Prior to March 2011, we were relatively inactive. During March 2011, we initiated oil and gas operations by entry into a Farmout and Participation Agreement (the “Agreement”) with Dyami Energy LLC and Eagleford Energy Inc. (jointly the “Farmor”). The Agreement provided for our acquisition of a net working interest, ranging from 21.25% to 42.5%, in a 2,629 acre oil and gas lease known as the Matthews Lease, insofar as that lease covers from the surface to the base of the San Miguel formation (the “San Miguel Lease”). The San Miguel Lease is located in Zavala County, Texas, and has no current production.
We are also engaged in the pursuit of an acquisition of working interests in the Kotaneelee Gas Project (the “KGP”).
As of January 12, 2012 we did not have any proven reserves, and had not generated any revenue.
On April 20, 2010 a former officer and director sold 4,835,000 shares of common stock (on a pre-forward split basis) to us for $100. The shares were cancelled following their purchase.
On April 28, 2010, shareholders owning a majority of our outstanding shares approved a 20 for 1 forward split of our common stock. The stock split was based on market conditions and upon a determination by our Board of Directors that the stock split was in our best interests and in the best interests of our shareholders. The amendment to our Articles of Incorporation pertaining to the forward stock split was filed with the Nevada Secretary of State on May 3, 2010. The forward stock split became effective on the OTC Bulletin Board on June 30, 2010. Prior to the forward stock split, we had 330,000 outstanding shares of common stock. Subsequent to the forward stock split we had 6,600,000 outstanding shares of common stock.
Financial Condition and Results of Operations
Oil and Gas Operations - Zavala County, Texas
Under our Agreement with Dyami Energy LLC and Eagleford Energy Inc. we may spend up to $1,050,000 on the exploration and development of oil and/or gas from the San Miguel Lease. To earn our initial 21.25% working interest (net revenue interest 15.94%), we were obligated to drill and complete a vertical Test Well in the San Miguel shale formation. We were also obligated to perform an injection operation on the Test Well. If the Test Well was prospective for production in commercial quantities, we were required to equip the Test Well and place it on production. If we determine that the Test Well is not prospective for production in commercial quantities, we are responsible for the abandonment of the Test Well.
During April and May 2011, we drilled and completed the Test Well, performed injection operations and earned our initial interest in the San Miguel Lease. The Test Well was drilled into the San Miguel heavy oil zone to a depth of 3,168 feet. The well encountered oil and was completed as a San Miguel producer. After completion, it was determined that the oil was subject to significant viscosity changes related to temperature reductions from formation to recovery at surface. The Test Well was stimulated with nitrified hydrochloric acid and placed on production. To date, however, oil viscosity has prohibited economic operation.

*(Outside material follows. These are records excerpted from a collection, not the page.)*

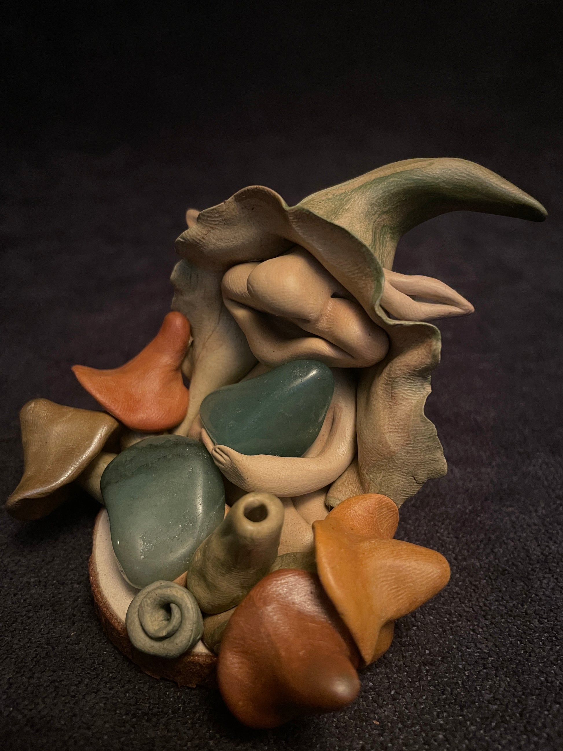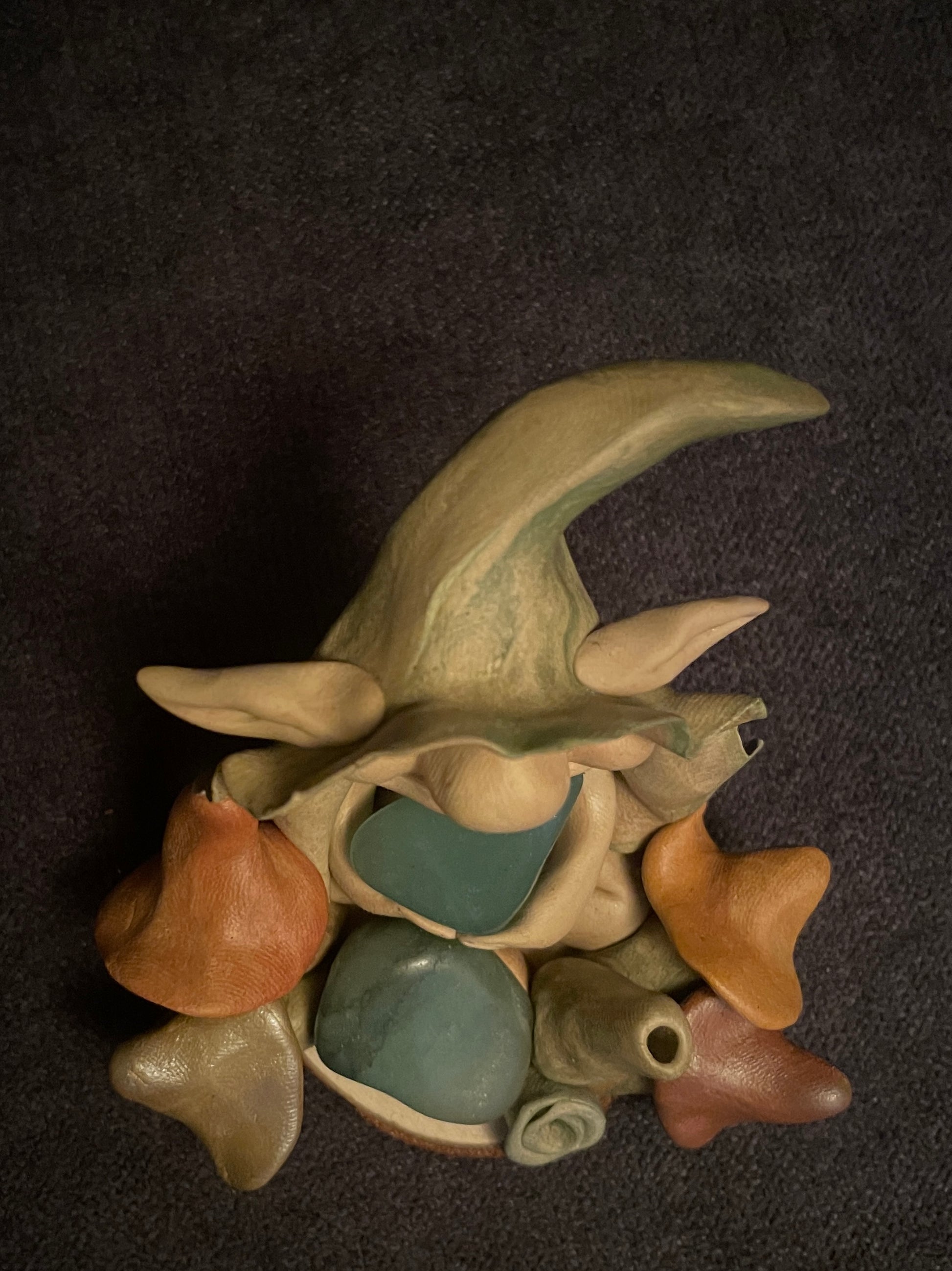 Je modèle ces lutins en pâte autodurcissante. Chaque figurine est une pièce unique qui se distingue selon son caractère, ses éléments naturels et sa singularité.
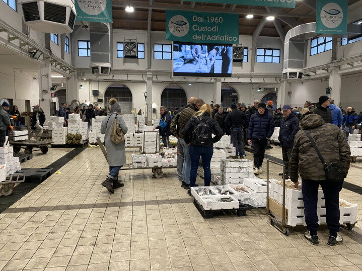 Med zanimivejšimi je bil obisk ribje tržnice Chioggia Pesca, ki že od leta 1960 velja za eno ključnih središč za skladiščenje, prodajo in obdelavo morskih dobrot v Italiji. Posebnost tržnice je tradicionalna vrsta prodaje imenovana asta all’orecchio – nekakšna tiha dražba, kjer kupci ceno zašepetajo dražitelju, ta pa svoj ulov proda najboljšemu ponudniku. Na obisku tržnice je izstopala tudi inovativna rešitev za obvladovanje velike količine stiropornih zabojev. Te zmeljejo in stisnejo v kompaktne kvadre, ki jih nato uporabijo za proizvodnjo novih recikliranih zabojev.
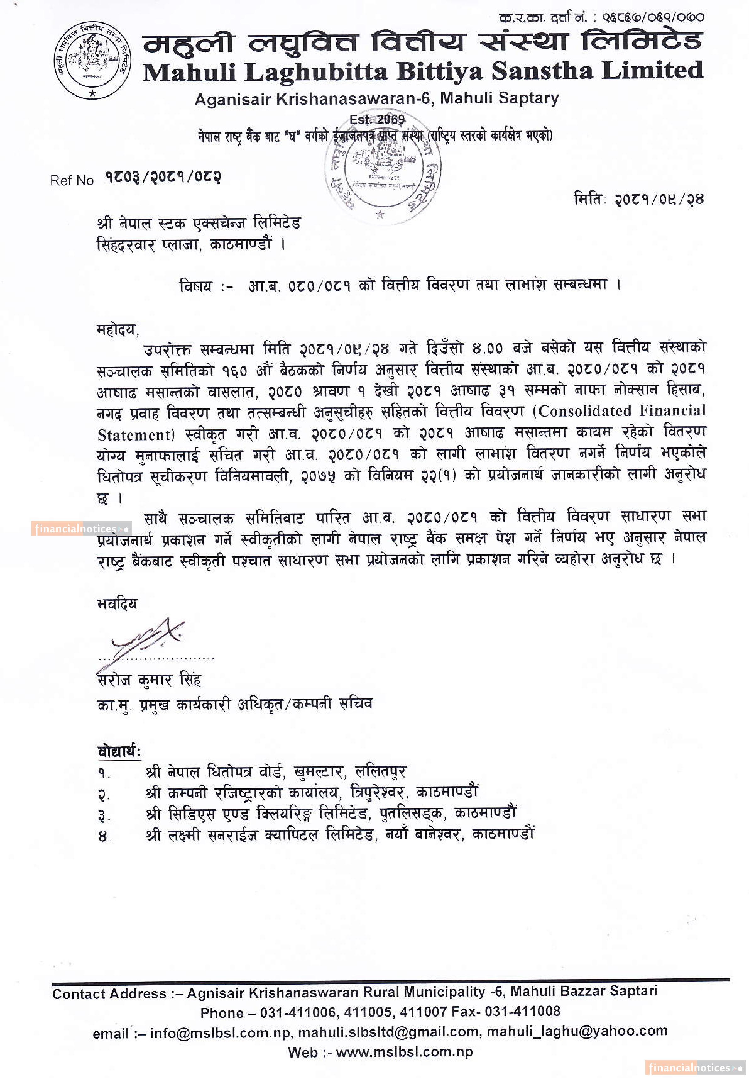 महुली लघुवित्तले लाभांश वितरण नगर्ने सम्बन्धी सूचना

Although we continue to investigate various methods to improve production from the Test Well, we cannot estimate what cost, if any, will be associated with future production efforts on the Lease. We have no current plans to expend the funds necessary to earn an additional interest in the San Miguel Lease.
As a result of the application of a full cost pool "ceiling test", we determined that the book value of the San Miguel Lease was impaired to the extent of its carrying value. Accordingly during the year ended August 31, 2011 and the three months ended November 30, 2011, we recognized a losses on the impairment of oil and gas assets of $835,659 and $44,335, respectively. The carrying value of oil and gas properties was likewise reduced to reflect the impairment of the Lease.
Kotaneelee Gas Project
Beginning in early fiscal 2011, we began pursuit of an acquisition of up to a 65% working interest in the KGP. The KGP covers 30,188 gross acres in the Yukon Territory in Canada. At January 10, 2012 the KGP had; two (2) gas wells producing approximately 4.5 MMCFD, three (3) suspended gas wells, one (1) disposal well, and a gas processing facility with capacity of 70 MMCFD. The KGP has a fully developed gas sales and delivery infrastructure, airstrip, storage tanks, barge dock and permanent camp facilities. We believe the KGP has significant conventional and shale gas potential and is supported by an environment of growing investment in gas exploration, processing and export in the Pacific Northwest.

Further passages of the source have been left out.